Flustered, she pulled back her hand. “We were… saying how nice it was of you to drive me home last night.”
“The least I could do. You survived the night, I see.”
“Where’s the baby? Where’s Lolly?” Eloise said. “You didn’t lose her, did you?”
“No. Definitely not. She’s sleeping at home, thankfully. My mom is watching her so I could come and get my car. And yes, I survived.” Barely. “She’s doing well, all things considered. And what’s all this?” she asked, pointing to the shopping bags. “Christmas shopping?” Ugh. Brilliant repartee, Cami.
Gus smiled. “Hard to avoid when everything is so festive in town. Is it always like this?”
“Festive? At Christmastime? Oh. Yes. Absolutely. Isn’t it, Shay?”
“Mmm-hmm. Festive. Very Christmasy.” An-nnd she dropped the ball back in Cami’s court with a look.
Cami bit her lip for a moment. “Yes, and since this is your first Christmas here, you’re probably discovering all the fun things to do here at this time of year.”
Gus nodded. “Like—”
Shay directed a pointed look at her.
“Oh. Like ice-skating on Miracle Lake? Sledding when there’s enough snow. Christmas tree cutting over at the Gallagher Tree Farm. Do you have a tree yet?”
“Not yet.” He met Eloise’s worried look with a frown. “I guess we’ll have to do that soon.”
“Can we today?” Eloise said. “Please?”
He rubbed a hand on her head. “Sure. We can. Maybe after hot chocolate.”
“Maybe Ms. Hardesty can come, too?”
Gus lifted an uncertain look at her.
“Oh, no,” she stammered. “That’s okay. You two should—”
“What a great idea,” Shay told Eloise. “Cami can show you where the lot is. She’s the best at picking out trees. The champion, really. Every year.”
Cami widened her eyes at Shay with warning.
“Well, that’d be great,” Gus said. “But we wouldn’t want to put you out.”
“Put her out?” Shay said. “ Pshaw! And don’t worry, Cami. I’ll be there if the baby wakes up. I can find my way around a bottle. You should go.”
“My sister is being a little pushy ,” Cami said, standing up for herself. “But I’m happy to show you the lot—”

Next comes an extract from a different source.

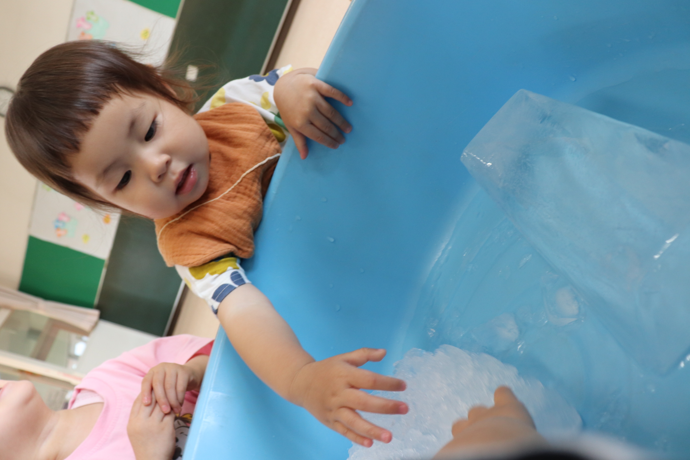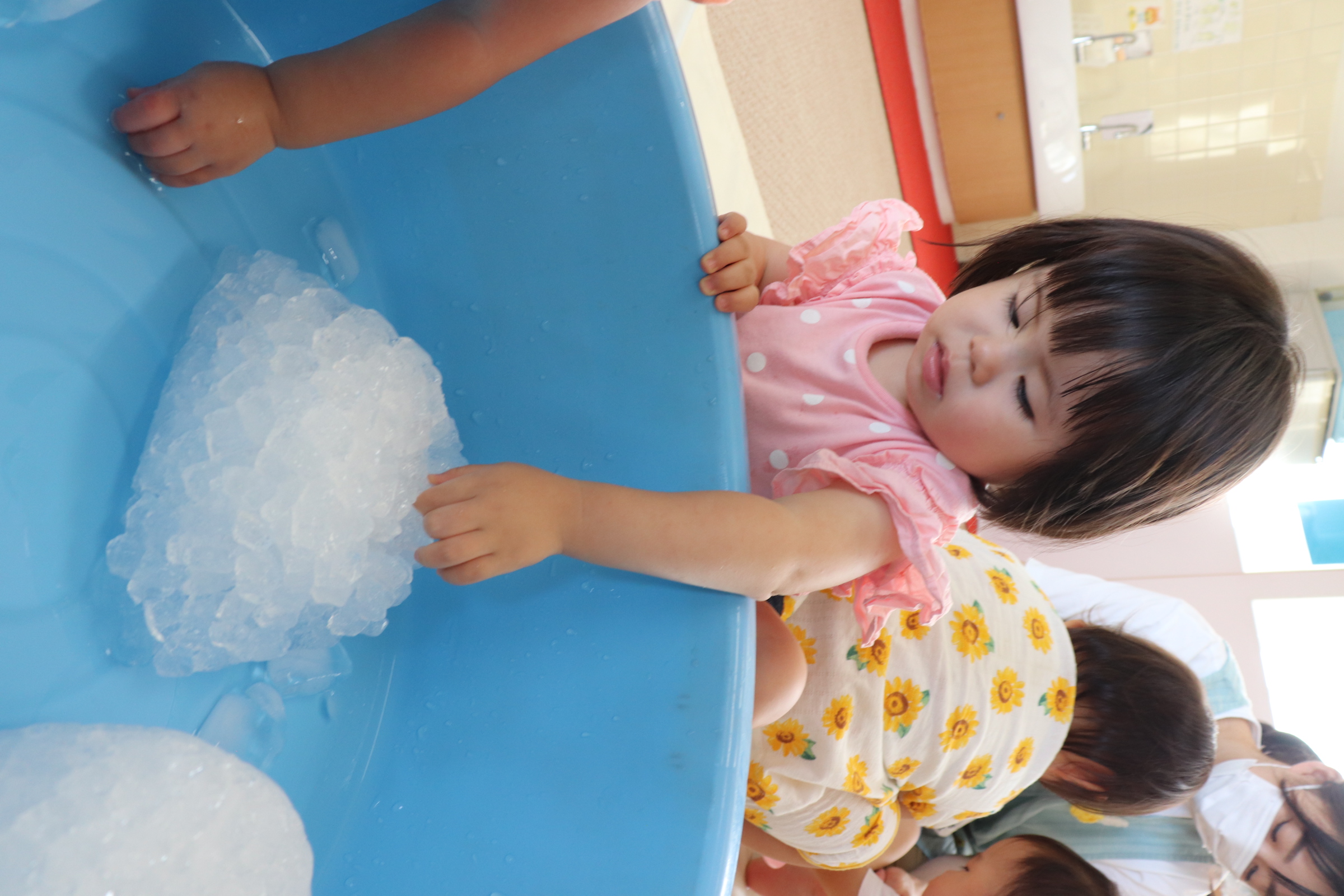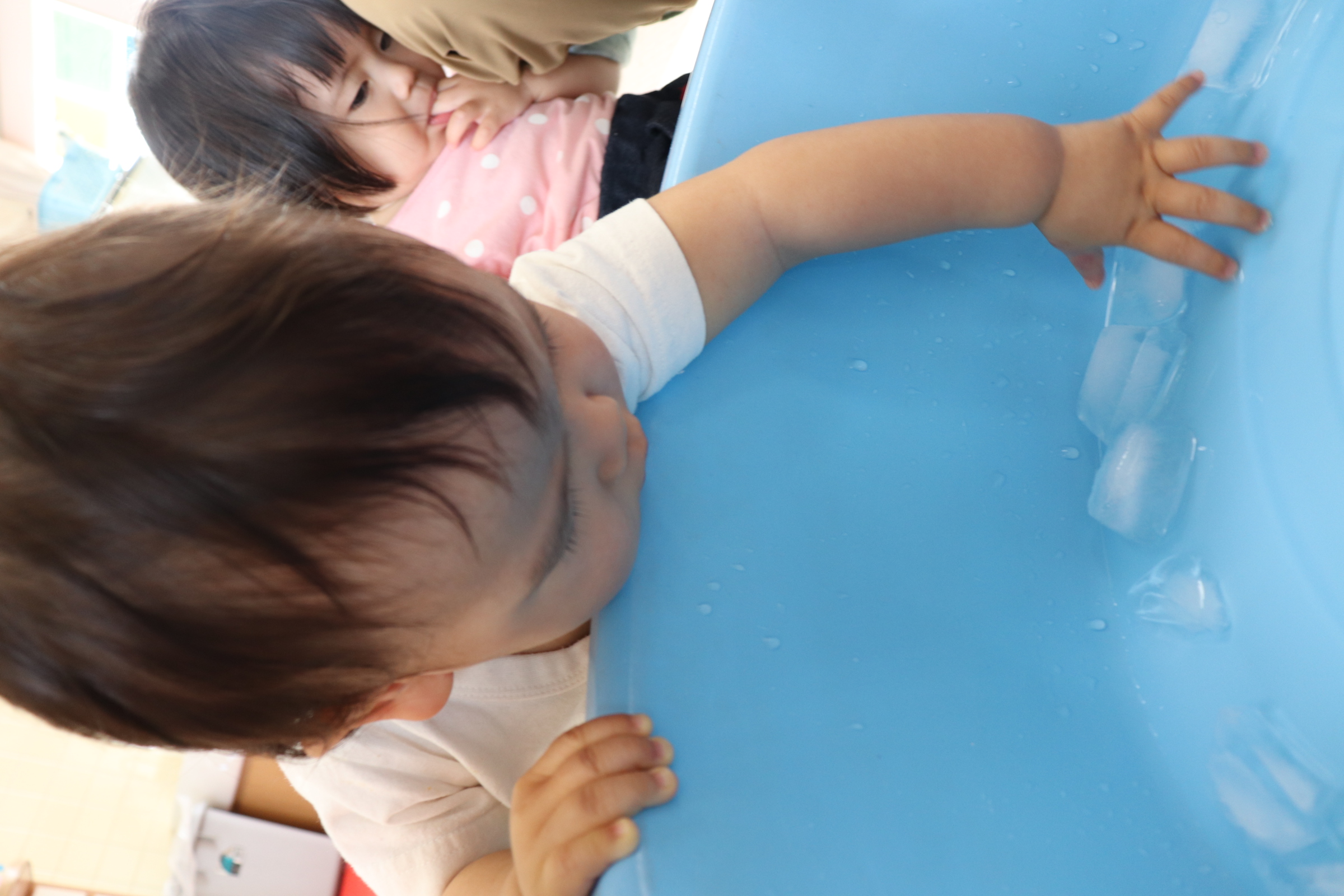 氷遊びをしました。最初は、触れることに恐る恐る…だった子どもたちでしたが、冷たくて気持ちがいい氷だと分かると、洋服がびしょぬれになるほど遊び方が大胆に(笑)氷を手で握って「つめたっ♡」と笑って見せたり、大きな氷には、ちょっと警戒しながら手を延ばしたりしながら、暑い時間を涼んで楽しんだ子どもたちでした(*^_^*)

“And help pick out a tree?” Eloise said.
Cami nodded. “Sure. Whenever you’re ready.”
“After hot chocolate?”
Gus grinned. “You a hot chocolate fan?” he asked Cami. “We were just headed to Sage’s.”
“I—Uh—”
“Okay!” Shay brushed her hands together. “I’m gonna head back home then. I’ve got a million things to do this morning. At the ranch. With the upcoming wedding and all. But don’t worry. I’ll still have time for Lolly. So, I’ll see you at home later, Cami?”
When she got home, she was officially going to murder Shay for railroading Gus into spending time with her. “You sure you’re okay with Lolly for a little?”
She patted her hand. “Ryan survived me, didn’t he? Leave Lolly to me. Go. Have some fun .”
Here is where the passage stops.